Assignment: Leave out the pictures and restate the rest of the data exactly.
=====
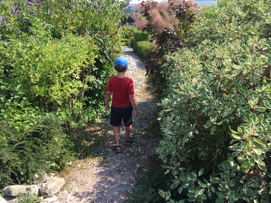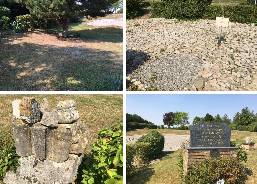 Depuis le site archéologique, aménagé en jardin, on voit le bourg actuel, en contrebas, il faut à peine quelques minutes pour monter la rue Saint Jean et accéder au plateau de l’ancienne ville. Comme ça monte quand même bien et qu’il faisait chaud, Wizzboy est persuadé d’avoir fait des kilomètres à pieds…C’est difficile d’imaginer la ville de Thérouanne au temps de sa splendeur alors qu’il n’y a que de la végétation, et pourtant, les traces sont là, dans le sol. La tâche grise en graviers par exemple, représente l’emplacement de la cathédrale. Charles Quint n’a pas fait dans le détail, il n’en reste rien. Il aurait même fait répandre du sel dans les champs autour de la ville pour rendre les terres impropres à l’agriculture, un vrai petit bisounours, ce roi, pas du tout rancunier que les français lui aient resisté. Cela dit, la promenade est charmante mais c’est émouvant de penser qu’on marche sur les traces d’une ville entièrement détruite.
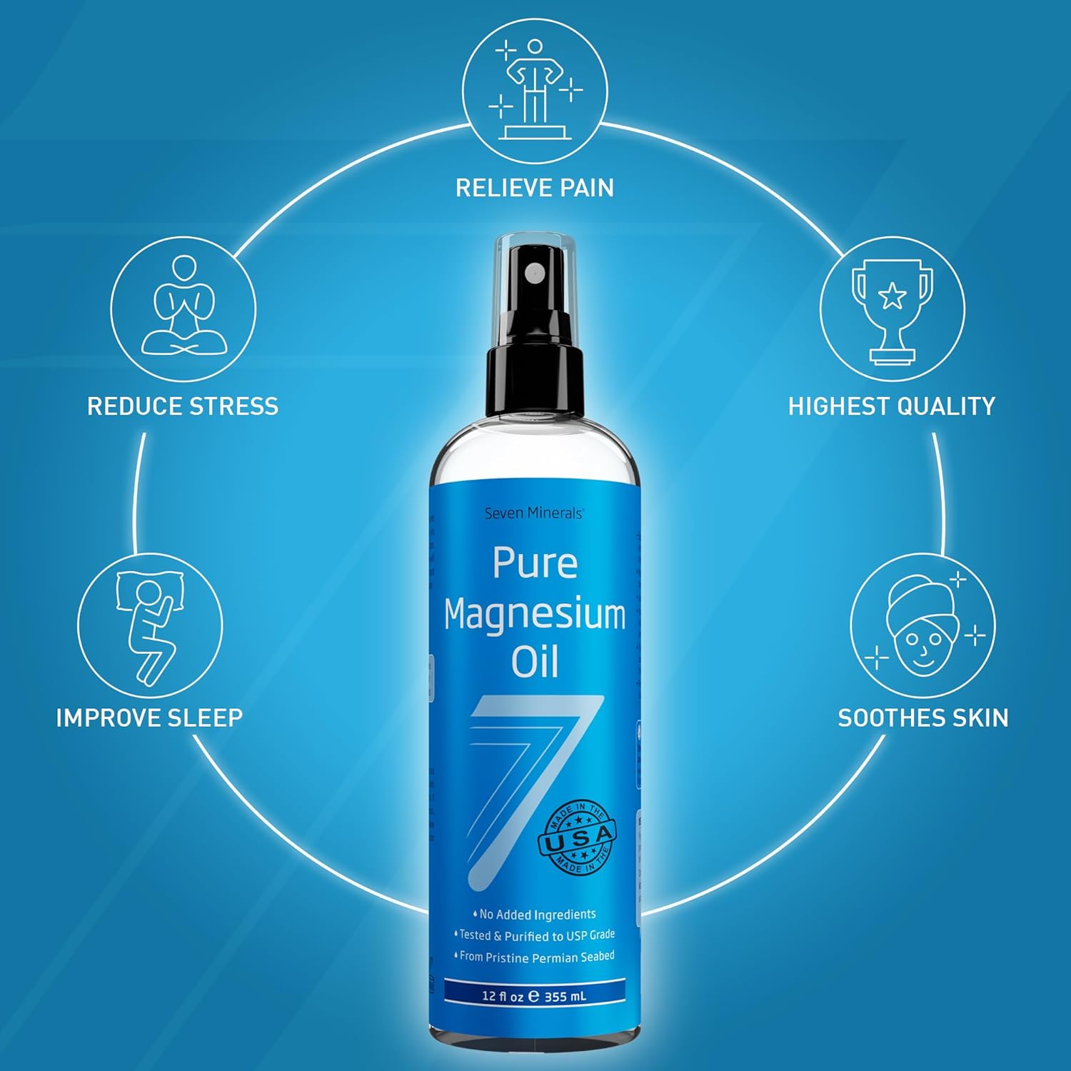 This bundle contains (1) 12oz bottle of Seven Minerals Pure Magnesium Oil and (1) 8oz bottle of Seven Minerals Soothing Relief Magnesium Lotion
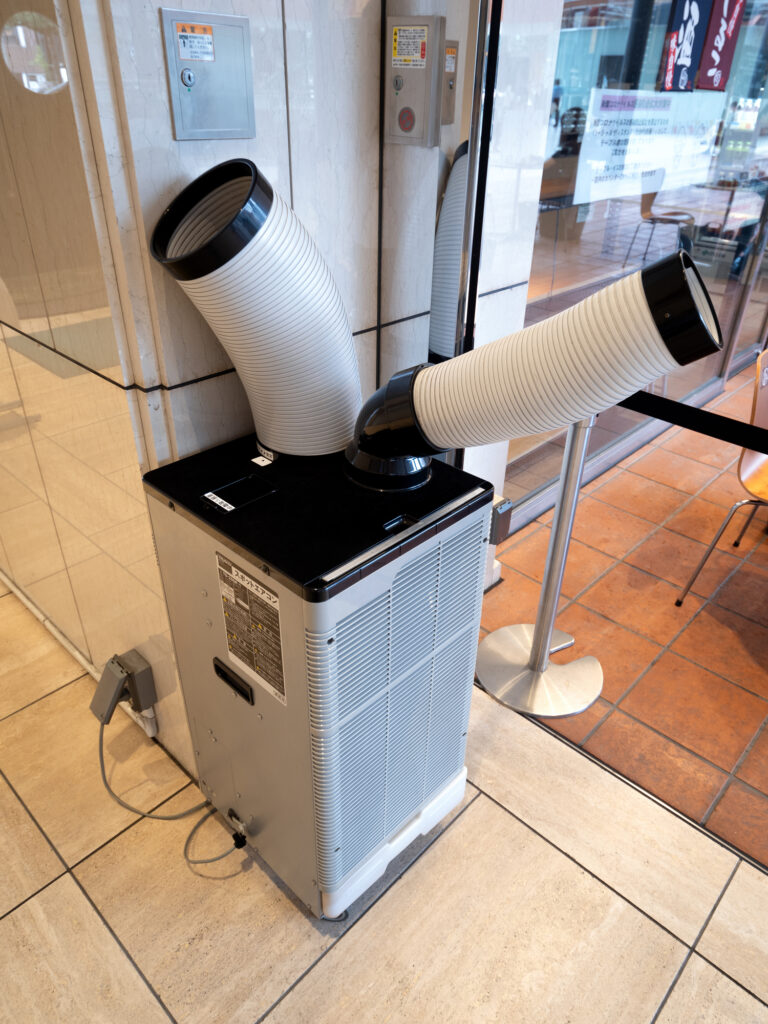 移動型スポットクーラーは冷気と共に排熱が出ることが難点ですが、延長ダクトを使用して排熱を排気口に導いたり室外に排出するなどの工夫が必要です。
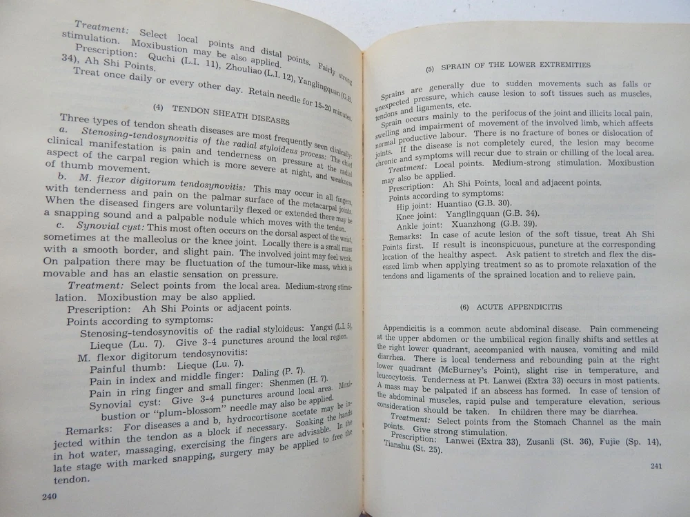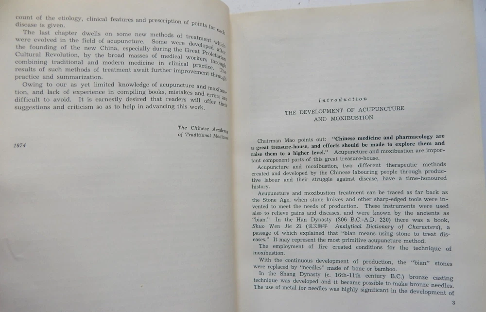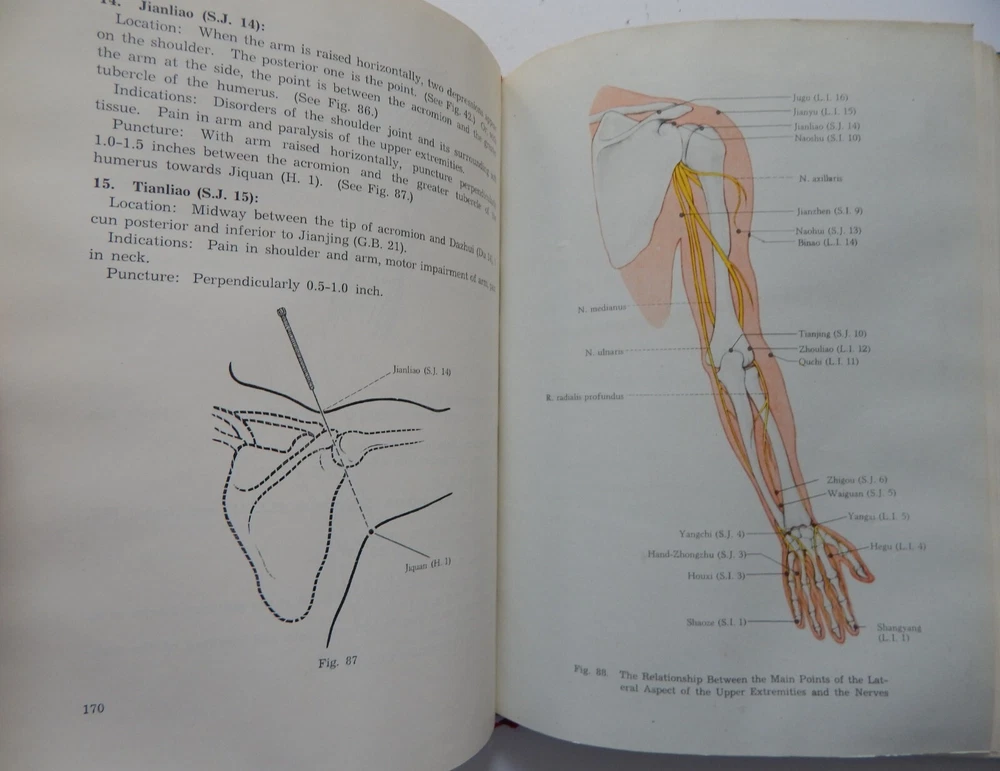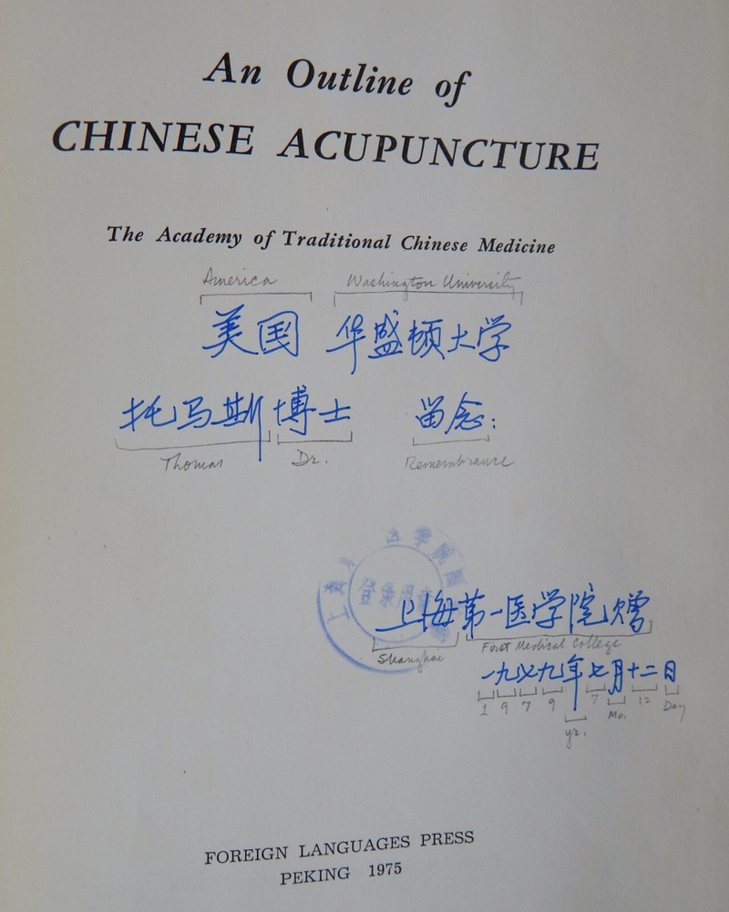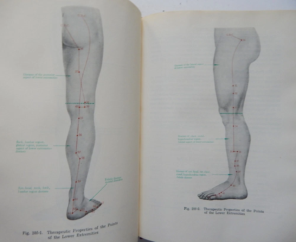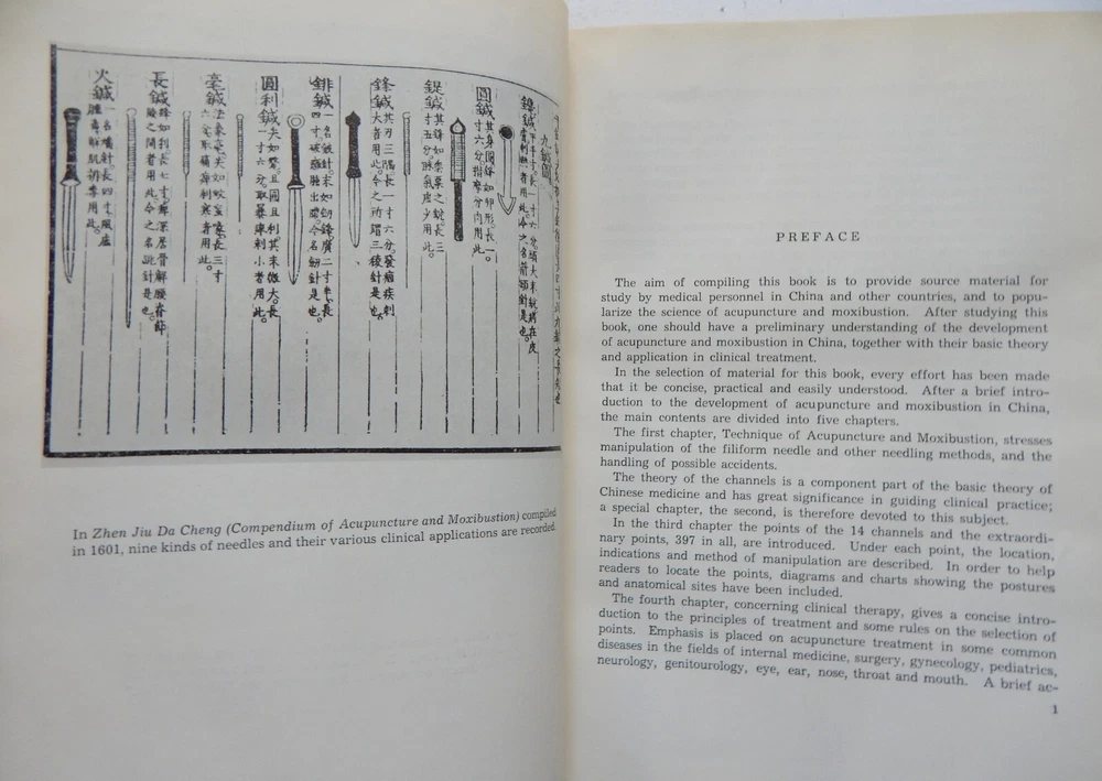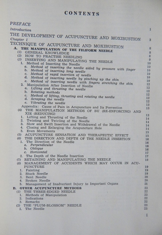 An Outline of Chinese Acupuncture. 1975. English language. Published in the Peoples Republic of China. Included errata sheet attached to the inside of the front cover. Includes a sample acupuncture needle. Ribbon place marker. Many drawings and illustrations. Lists of points throughout the body. See photos.
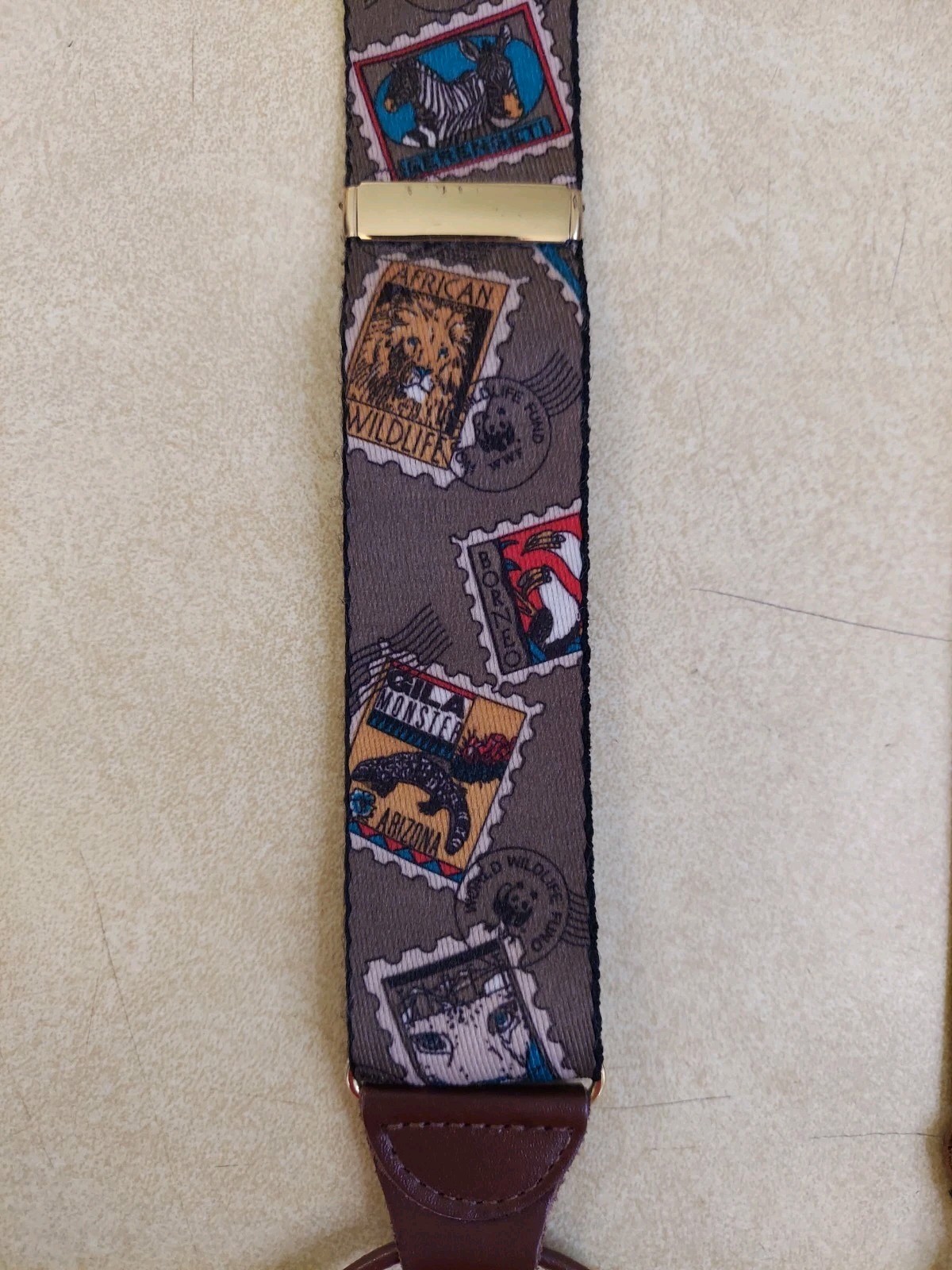 Vintage World Wildlife Fund Suspenders Animal Stamp Print Braces Leather 1991
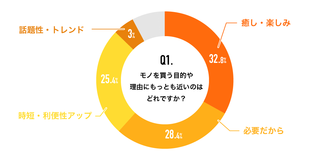 モノを買う動機として、「必要だから」という回答より「癒し・楽しみ」という回答が上回った。モノそれ自体だけでなく、買うことで体験できるコトに対価を支払うのかもしれない。だから買うときは「本当に自分に必要か」を判断する。そんなとき、どんなことを気にするんだろう?
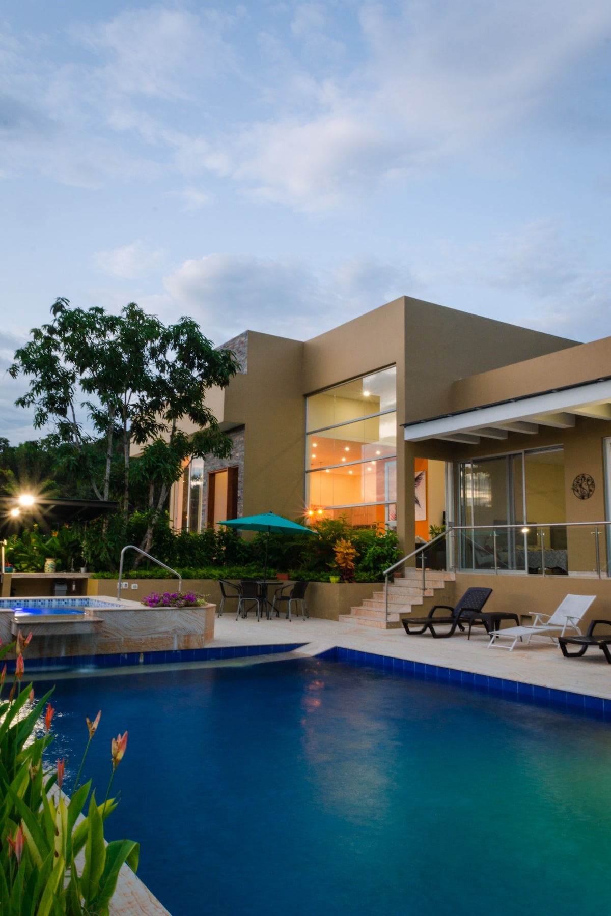 700m2 en un lote de 5600m2 en la mejor ubicación de Entrepuentes, con total privacidad, justo al lado del río, el lago, la sede, el campo de golf, las canchas de tenis y los senderos con seguridad 24/7. 4 habs, 16 pax, piscina privada, jacuzzi, Wifi, Sat/AppleTV, BBQ/tepanyaki, gran palapa social, terrazas/jardines privados. Cocina totalmente dotada, toallas y linos. No dejes tu viaje al azar. TopSpot® — 10 años de experiencia, confianza y estadías felices en las mejores propiedades del país.
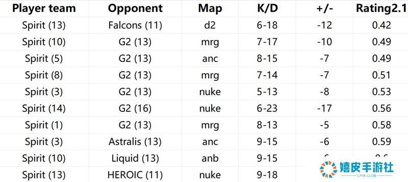在先前进行的上海Major 欧洲RMR的比赛中, Spirit战队再度被 G2击败。 虽然坐拥donk这样的顶级枪男,但Spirit战队在面对G2时却屡屡折戟。时至今日,Spirit在对阵G2时已经遭遇六连败的尴尬窘境。虽然donk在采访中表示每次和G2交手,队伍都在进步。但事实上在笔者看来这句话更多的是安慰,因为Spirit有时候面对G2打得难解难分,但有时候则是被**分带走。因此今天通过本文分析下为什么Spirit难克G2心魔? 一、面对G2,magixx特别“马西西” 虽然 Boris Vorobiev | magixx、 Myroslav Plakhotia | zont1x和 Leonid Vishnyakov | chopper经常被直播间吐槽是吉祥三宝,但如果从数据看,吉祥三宝在对阵G2时的发挥也不尽相同。尤其是magixx似乎尤其被G2战队所克制。笔者查看了Spirit战队选手今年倒数十张地图数据(数据截止到上海Major揭幕战阶段开始之前)。如果各位仔细查看,会发现五位选手的十差地图数据中G2占比不尽相同。chopper为四张地图,作为指挥这样的数据完全能够接受。zont1x为三张图,是不是有些意外?zont1x在面对G2时很多时候还是宗主。 Danil Kryshkovets | donk为三张地图, Dmitry Sokolov | sh1ro也是三张地图。而到了magixx,则猛增到六张地图,这个数字甚至超过了指挥chopper。
=====
Solution to this task:
 Depuis le site archéologique, aménagé en jardin, on voit le bourg actuel, en contrebas, il faut à peine quelques minutes pour monter la rue Saint Jean et accéder au plateau de l’ancienne ville. Comme ça monte quand même bien et qu’il faisait chaud, Wizzboy est persuadé d’avoir fait des kilomètres à pieds…C’est difficile d’imaginer la ville de Thérouanne au temps de sa splendeur alors qu’il n’y a que de la végétation, et pourtant, les traces sont là, dans le sol. La tâche grise en graviers par exemple, représente l’emplacement de la cathédrale. Charles Quint n’a pas fait dans le détail, il n’en reste rien. Il aurait même fait répandre du sel dans les champs autour de la ville pour rendre les terres impropres à l’agriculture, un vrai petit bisounours, ce roi, pas du tout rancunier que les français lui aient resisté. Cela dit, la promenade est charmante mais c’est émouvant de penser qu’on marche sur les traces d’une ville entièrement détruite.
 This bundle contains (1) 12oz bottle of Seven Minerals Pure Magnesium Oil and (1) 8oz bottle of Seven Minerals Soothing Relief Magnesium Lotion
 移動型スポットクーラーは冷気と共に排熱が出ることが難点ですが、延長ダクトを使用して排熱を排気口に導いたり室外に排出するなどの工夫が必要です。
 An Outline of Chinese Acupuncture. 1975. English language. Published in the Peoples Republic of China. Included errata sheet attached to the inside of the front cover. Includes a sample acupuncture needle. Ribbon place marker. Many drawings and illustrations. Lists of points throughout the body. See photos.
 Vintage World Wildlife Fund Suspenders Animal Stamp Print Braces Leather 1991
 モノを買う動機として、「必要だから」という回答より「癒し・楽しみ」という回答が上回った。モノそれ自体だけでなく、買うことで体験できるコトに対価を支払うのかもしれない。だから買うときは「本当に自分に必要か」を判断する。そんなとき、どんなことを気にするんだろう?
 700m2 en un lote de 5600m2 en la mejor ubicación de Entrepuentes, con total privacidad, justo al lado del río, el lago, la sede, el campo de golf, las canchas de tenis y los senderos con seguridad 24/7. 4 habs, 16 pax, piscina privada, jacuzzi, Wifi, Sat/AppleTV, BBQ/tepanyaki, gran palapa social, terrazas/jardines privados. Cocina totalmente dotada, toallas y linos. No dejes tu viaje al azar. TopSpot® — 10 años de experiencia, confianza y estadías felices en las mejores propiedades del país.
在先前进行的上海Major 欧洲RMR的比赛中, Spirit战队再度被 G2击败。 虽然坐拥donk这样的顶级枪男,但Spirit战队在面对G2时却屡屡折戟。时至今日,Spirit在对阵G2时已经遭遇六连败的尴尬窘境。虽然donk在采访中表示每次和G2交手,队伍都在进步。但事实上在笔者看来这句话更多的是安慰,因为Spirit有时候面对G2打得难解难分,但有时候则是被**分带走。因此今天通过本文分析下为什么Spirit难克G2心魔? 一、面对G2,magixx特别“马西西” 虽然 Boris Vorobiev | magixx、 Myroslav Plakhotia | zont1x和 Leonid Vishnyakov | chopper经常被直播间吐槽是吉祥三宝,但如果从数据看,吉祥三宝在对阵G2时的发挥也不尽相同。尤其是magixx似乎尤其被G2战队所克制。笔者查看了Spirit战队选手今年倒数十张地图数据(数据截止到上海Major揭幕战阶段开始之前)。如果各位仔细查看,会发现五位选手的十差地图数据中G2占比不尽相同。chopper为四张地图,作为指挥这样的数据完全能够接受。zont1x为三张图,是不是有些意外?zont1x在面对G2时很多时候还是宗主。 Danil Kryshkovets | donk为三张地图, Dmitry Sokolov | sh1ro也是三张地图。而到了magixx,则猛增到六张地图,这个数字甚至超过了指挥chopper。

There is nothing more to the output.